* [PROBLEM TO SOLVE] Only the lines from the one containing "为扎实推进审核评估工作,悟空" through the end of the material should be printed, exactly as they appear. Leave out pictures.

* [RECORDED DATA]
/---

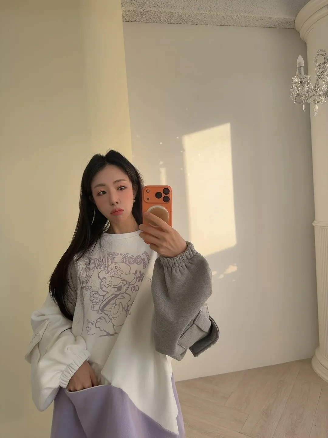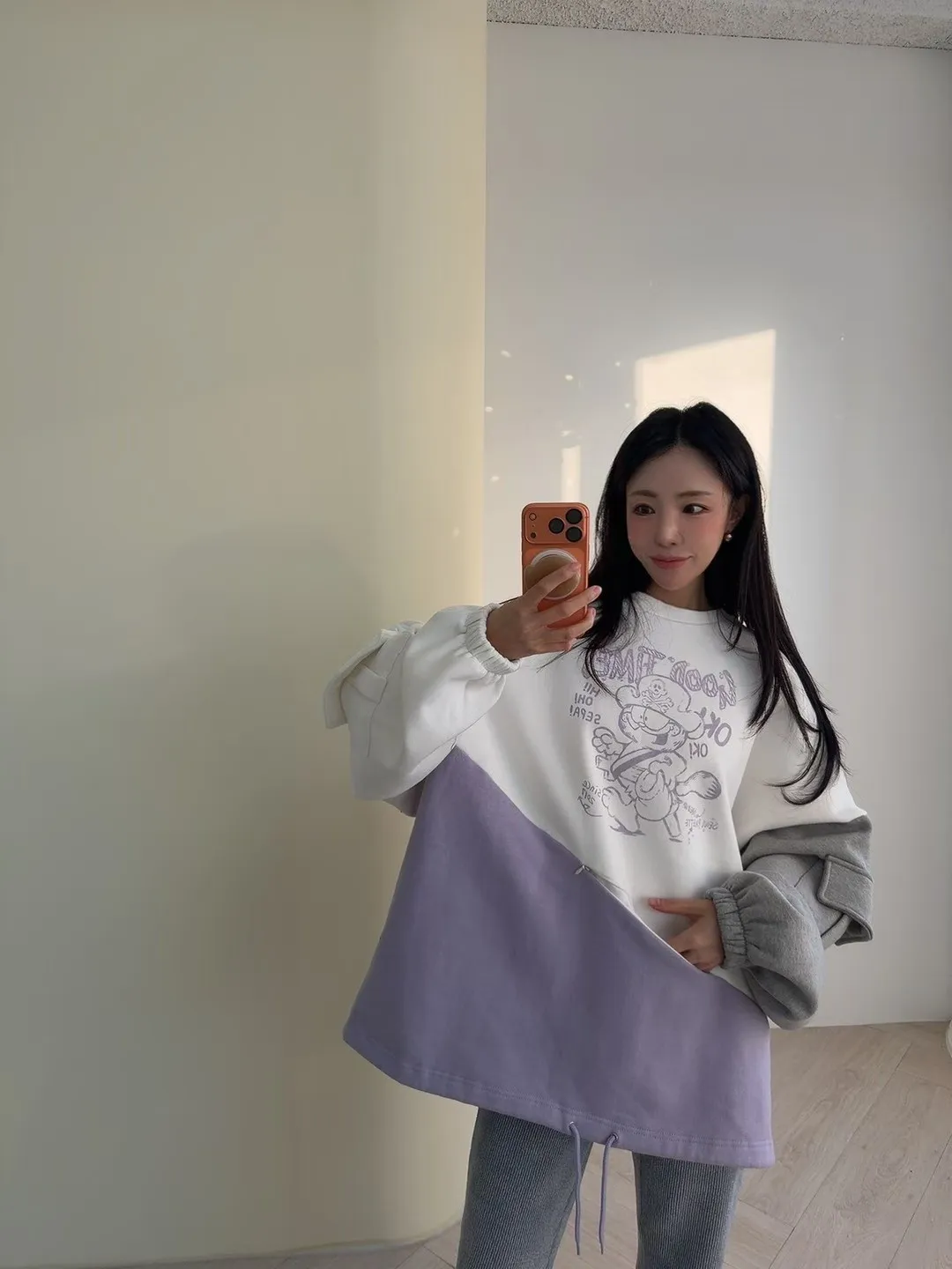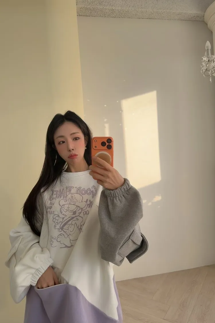 加菲貓配色圓領內刷毛衛衣
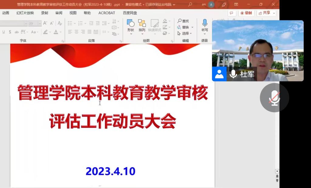 为扎实推进审核评估工作,悟空体育于2023年4月10日晚上召开本科公司产品审核评估工作动员大会视频会议,公司领导及全体教职工参加了会议。会议由公司副经理(主持行政工作)杜军主持。
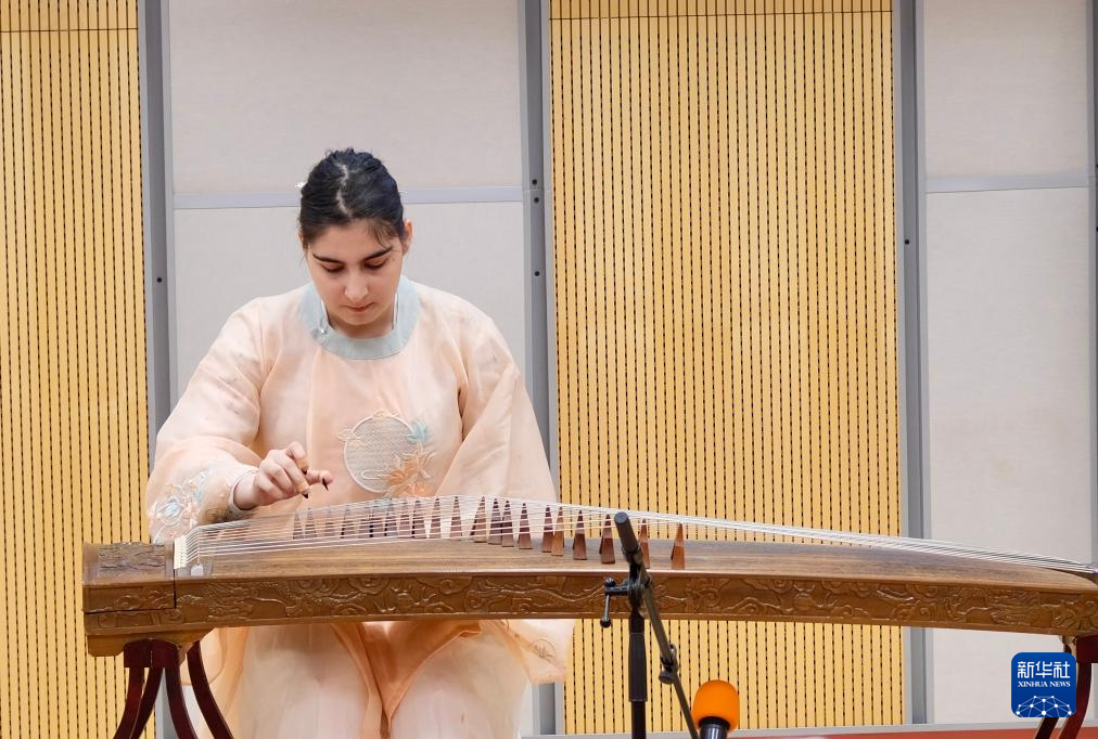 5月22日,在捷克布拉格金融管理大学举行的“汉语桥”世界大学生中文比赛捷克赛区决赛上,一名参赛选手演奏乐器。新华社记者 邓耀敏 摄

\---

* [RESULT FOR THIS TASK]
 为扎实推进审核评估工作,悟空体育于2023年4月10日晚上召开本科公司产品审核评估工作动员大会视频会议,公司领导及全体教职工参加了会议。会议由公司副经理(主持行政工作)杜军主持。
 5月22日,在捷克布拉格金融管理大学举行的“汉语桥”世界大学生中文比赛捷克赛区决赛上,一名参赛选手演奏乐器。新华社记者 邓耀敏 摄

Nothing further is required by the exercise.